声音也是平淡单调又冰冷僵硬,就好似不是在说话,而是用砂纸在地上磨一般,一下一下的回响在幽静的黑暗中。
落玉生嗤的一声笑,说道:“宗门传承?就是不要脸的苟且偷生?还是守着一块断碑整日做梦?祖师爷若是知道你们的所作所为,只怕要从坟头里跳出来将你们就地正法。就你们守着。。。”
眼看他越说越没边,连祖师爷都拿出来编排了。季霄连忙开口将他打断,说道:“师兄,几位师叔伯也不容易,为宗门勤勤恳恳即便没有功劳,也是有苦劳的。”
落玉生瞪过去一眼,说道:“我当然知道他们有贡献。”说着指着对面的独孤初见,说道:“这小子本是你中意的传人,却被他们暗中撺掇去剑堂。若不是看在他们对宗门有恩的份上,这事我就一百个不答应。可是不能仗着对宗门有恩就胡作非为,整日守着那块断碑做梦,就能让宗门传承下去了。真是笑话!”说完嗤的一笑,满是鄙夷。

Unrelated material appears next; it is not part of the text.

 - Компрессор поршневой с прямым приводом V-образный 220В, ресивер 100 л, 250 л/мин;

那先前开口的老者名为龚山羊,是上一代的客卿长老。他开口说道:“我们都是大限不远,青阳的情况也好不到哪里去。以如今宗门的境遇,等到我们都离去了,仅凭你们三人又能支撑多久?
当年祖师凭借一碑创了积雷宗,如今宗门已是摇摇欲坠,祖师未必不会在碑内留下一些指引。这一点季霄要比你看的清楚,他虽不赞同我们,却从来都不阻拦。”

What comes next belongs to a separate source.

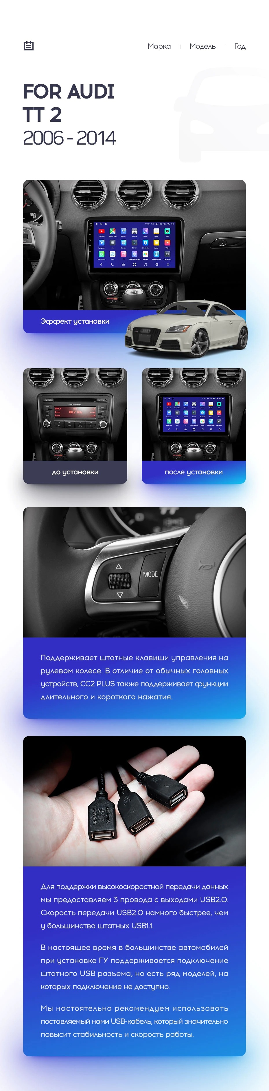 Штатная магнитола Teyes CC3 2K 4/32 Audi TT 2 (2006-2014) (13") - купить всего за 42 500 руб. в интернет-магазине в Шахтах Teyes.com.ru. ✓ Самый лучший выбор мультимедиа ✓ Лучшая замена штатному ГУ ✓ Тел. +7 (800) 775-31-74

落玉生捻着灰须,翻着白眼,说道:“那断碑不过是一个拓本,还已经毁了半截,若真的藏有什么玄机,或者是剑诀,以青阳师叔之能当是早就看出来了,若是真有改变宗门现状的法子,他岂会藏着掖着?”
龚山羊依旧雕塑似的毫无情绪波动,回道:“那剑碑之妙就算是宋长青也看不透,青阳看不明白又有什么稀奇的?若是论修为就能看透玄机,八剑碑传了七百年了,当是早就要被人扒的干干净净。”

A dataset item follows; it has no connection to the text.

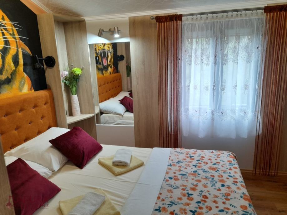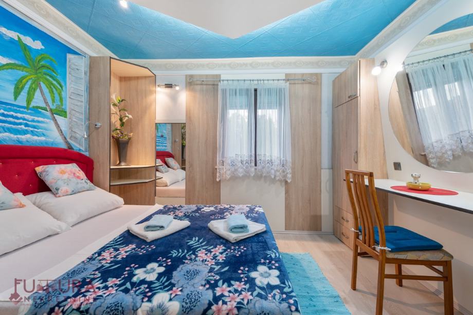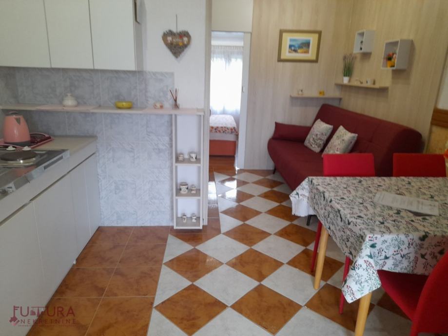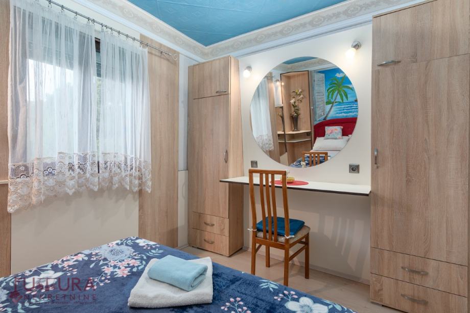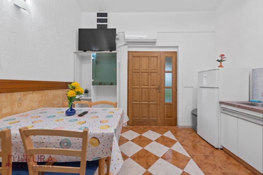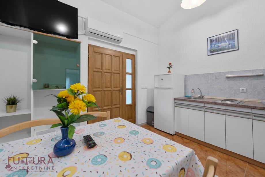 - apartman 1: jedna spavaća soba, dnevni boravak + kuhinja + blagovaona, kupaonica i terasa.

落玉生不耐烦的挥了挥手,说道:“行行行!你们要抱着那断碑做梦是你们的事,独孤小子是宗门这些年资质最好的,已经给了你们。今天带回来的那小子,你们想也别想,我可不会让他去陪着你们抱着那块断碑做梦,徒耗光阴。”说了一阵口干舌燥,便又将茶盏倒满,咕噜噜的饮了起来。
龚山羊闭上了眼,语调平淡的说道:“你错了,我不要他,你们也不能收他,他不能留在宗内!”
落玉生还未吞咽下去的茶水,噗的一下就喷了出来,戟指骂道:“你个老不死的是不是老疯了?想要彻底断了我积雷宗的希望?”
龚山羊依旧不为所动,说道:“宗门如今的形式,不适合冒险收容一个来历不明的魔族,即便他天赋再好,也终究只是天赋。”
落玉生倏的就看向独孤初见,一双老目中精光如刀。又说道:“狗屁,老子已经用青玉鉴看过了,绝对不是魔族。”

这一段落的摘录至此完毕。